In the most common forms of predicate logic, ∀ and ∃ act like a sort of logical conjunction (AND) across all objects, and logical disjunction (OR) across all objects, respectively.

Connection between ∀ and 'AND'

Consider an argument in which the only 'objects' are Scottish people, and let EPP(x) = "x eats their porridge plain". Then

∀x : EPP(x)

translates (with somewhat less social grace than one might use in daily speech) as

For every [Scottish person] x: x eats their porridge plain

which we might better render as

Every Scot eats their porridge plain.

If we suppose that one is a 'Scot' if and only if one was either born in Scotland, or is a British citizen living in Scotland for at least 90% of their life, then there are only finitely many Scots; so we could also imagine producing a list of all Scots ("Angus", "Maeve", "Bruce", "Caroline", ...), in which case it's equivalent to

(Angus eats his porridge plain) AND (Maeve eats her porridge plain) AND ...

which is not a terribly convenient way to express the same thing, but it is still equivalent so long as we list all Scots, and no person (or thing) which is not a Scot. The ∀ symbol is more powerful in this way — it allows us to express a notion

  • without having to refer to every object meeting some criterion;
  • without even having to commit to a definite list of all objects in the universe of discourse; and
  • in other contexts, such as when the universe of discourse are mathematical objects such as numbers, without even commenting on whether there even exists a finite list of objects under consideration.

Especially in the last case, ∀ allows us to potentially express something which is true about a collection which is infinite, or whose extent we do not yet know. But even so, the way in which it behaves is very much like a logical 'AND' of the same property, across all of the objects in the "domain of discourse".

Connection between ∃ and 'OR'

In the same way as ∀ expresses something like an 'AND' across all objects being considered, ∃ expresses something like an 'OR'. Suppose the domain of discourse is people in some specific room (which I will refer to as 'this' room; you can imagine the speaker being in the room themselves), and M(x) = "x is a murderer". Then

∃x : M(x)

translates as

There exists a [person in this room] x: x is a murderer

which we might better render as

Some person in this room is a murderer.

We sometimes say instead something like 'There is a murderer in this room', but without meaning to definitely assert that there is exactly one such person. Again, if we suppose that there are only finitely many people in the room ("Colonel Mustard", "Mrs. Peacock", "Professor Plum", ...) then this statement is equivalent to

Either (Colonel Mustard is a murderer) OR (Mrs. Peacock is a murderer) OR ...

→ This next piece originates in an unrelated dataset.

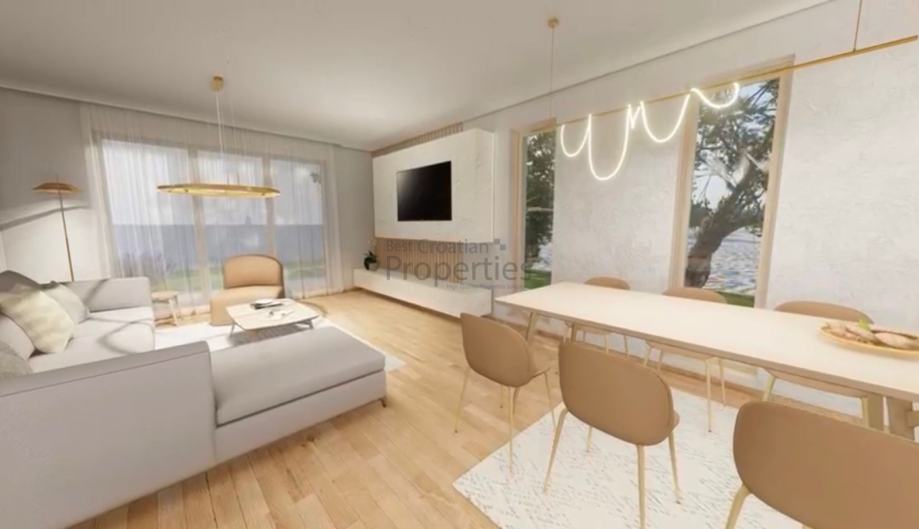 Vila se sastoji od prostranog dnevnog boravka, kuhinje, blagovaonice, 3 spavaće sobe, 3 kupaonice, vešeraja, ostave te natkrivene terase.

which again is inconvenient but in principle equivalent to the statement with ∃ so long as the list contains all people in the room, and only people in the room.

Restricted quantification

It would be nice to be able to talk about All Scottish people who drink whiskey instead, but without changing the universe of discourse; or indeed to talk about more than just Scottish people all the time. The way we do this is by introducing ways to restrict the quantification.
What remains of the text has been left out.